If you have even the most minimal exposure to the venture capital industry then Tim Draper is a man who needs no introduction. He’s the “Draper” in the storied VC firm Draper Fisher Jurvetson . He’s invested in companies like Hotmail, Skype, and Baidu. And he is the captain of the world cheerleading team for entrepreneurs and free markets, even going so far as to serenade students, startups, and business groups with his personal rendition of The Riskmaster . I recently had the opportunity to interview Draper in Hong Kong as part of the StartMeUp Hong Kong Venture Forum , an event organized by InvestHK , the Hong Kong government’s arm dedicated to promoting entrepreneurship and investment in Hong Kong. Here’s what he had to say.

Joshua Steimle: Why does Hong Kong need start-ups?

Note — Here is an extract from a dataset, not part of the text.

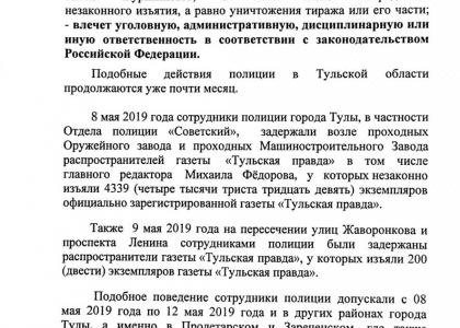 Просим Вас принять соответствующие меры и защитить права газеты «Тульская

Tim Draper: You don’t want any state or country to get complacent. A lot of people start living a pretty nice life, and Hong Kong is a very nice life, and because they’ve had these amazing free markets the economy has just been fantastic here in Hong Kong for many, many years. And it’s because there were a lot of entrepreneurs here and they came and they built their businesses and they grew their families and they made great things happen here. They did manufacturing, they did all those things. Now I have always believed that competition is really good for society and monopolies are bad for society. Groups that get lazy or complacent are bad for society and they become ripe for the picking for entrepreneurs. So I just wouldn’t want Hong Kong to ever get complacent and I think there’s a big opportunity for Hong Kong to avoid that by bringing in entrepreneurs. I think these things that InvestHK are doing with this StartMeUp HK are great things and all these incubators that we’ve seen I think are also great things to encourage more entrepreneurship and then the sky is the limit. You just need one or two and the economy can grow on a steep ramp.

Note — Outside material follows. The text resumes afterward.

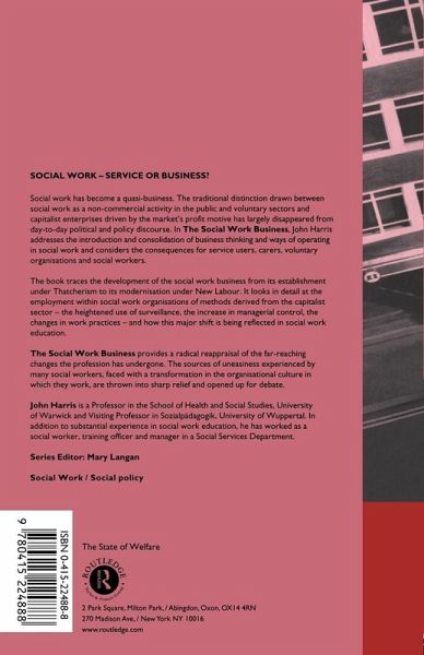 Social work has become a business. The traditional distinction drawn between social work as a non-commercial activity in the public and voluntary sectors of the welfare state and private commercial activities driven by the market's profit motive has largely disappeared. In The Social Work Business John Harris addresses the introduction and consolidation of business thinking and ways of operating in social work and considers the consequences for service users, carers, voluntary organisations and social workers. The book traces the development of the social work business from its establishment under Thatcherism to its modernisation under New Labour. It looks in detail at the use of capitalist sector methods - the heightened use of surveillance, the increase in managerial control, changes in work practices - and how this is being reflected in social work education. The Social Work Business provides a radical reappraisal of the far-reaching changes the profession has undergone. The sources of uneasiness experienced by many social workers, faced with a transformation in the organisational culture in which they work, are thrown into sharp relief and opened up for debate.
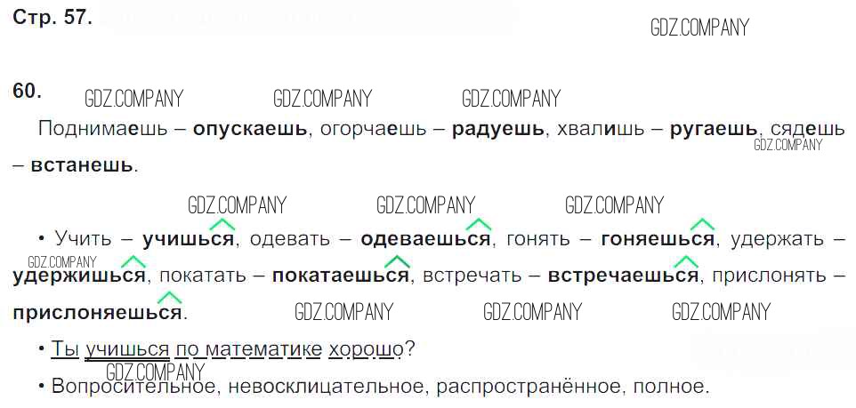 Здесь готовые ответы по Русскому языку за 4 (четвертый) класс от Песняева, Анащенкова Рабочая тетрадь УМК (издательство: Просвещение от 2017 г.) № 57

Steimle: What do you think Hong Kong can learn from Silicon Valley?

Draper: Sure, you want to learn from the Valley. Silicon Valley still is probably the best place to start a business. That’s why I set up Draper University of Heroes there. But I would say the best way to look at startups in Hong Kong is look at how they’re done in all these other parts and figure out how to do it better. I don’t think you want to try to emulate the Valley. I think there are some amazing things that have happened in the Valley because all of the great laws that were set up there 50 years ago. You probably wouldn’t want to emulate the laws of the last five or ten years because that is a disaster and so it makes it harder to be a great entrepreneur if you don’t have the right laws in place. If I’m Hong Kong first of all I would have more business plan competitions. They help everything. You create a lot of business plan competitions with real teeth in them. You’ve got to have people willing to put money into the winners. There is something great about those business plan competitions. They become magnets for all the crazy ideas that are out there. And then they also are attractions for people who might be good angel investors or venture investors to come and take a look and figure out whether to invest some money in a Hong Kong company. And without somehow aggregating the best businesses there isn’t enough of an attraction for a venture capitalist to come here. Some of these incubators are a really good start to attract entrepreneurs to Hong Kong and money to Hong Kong.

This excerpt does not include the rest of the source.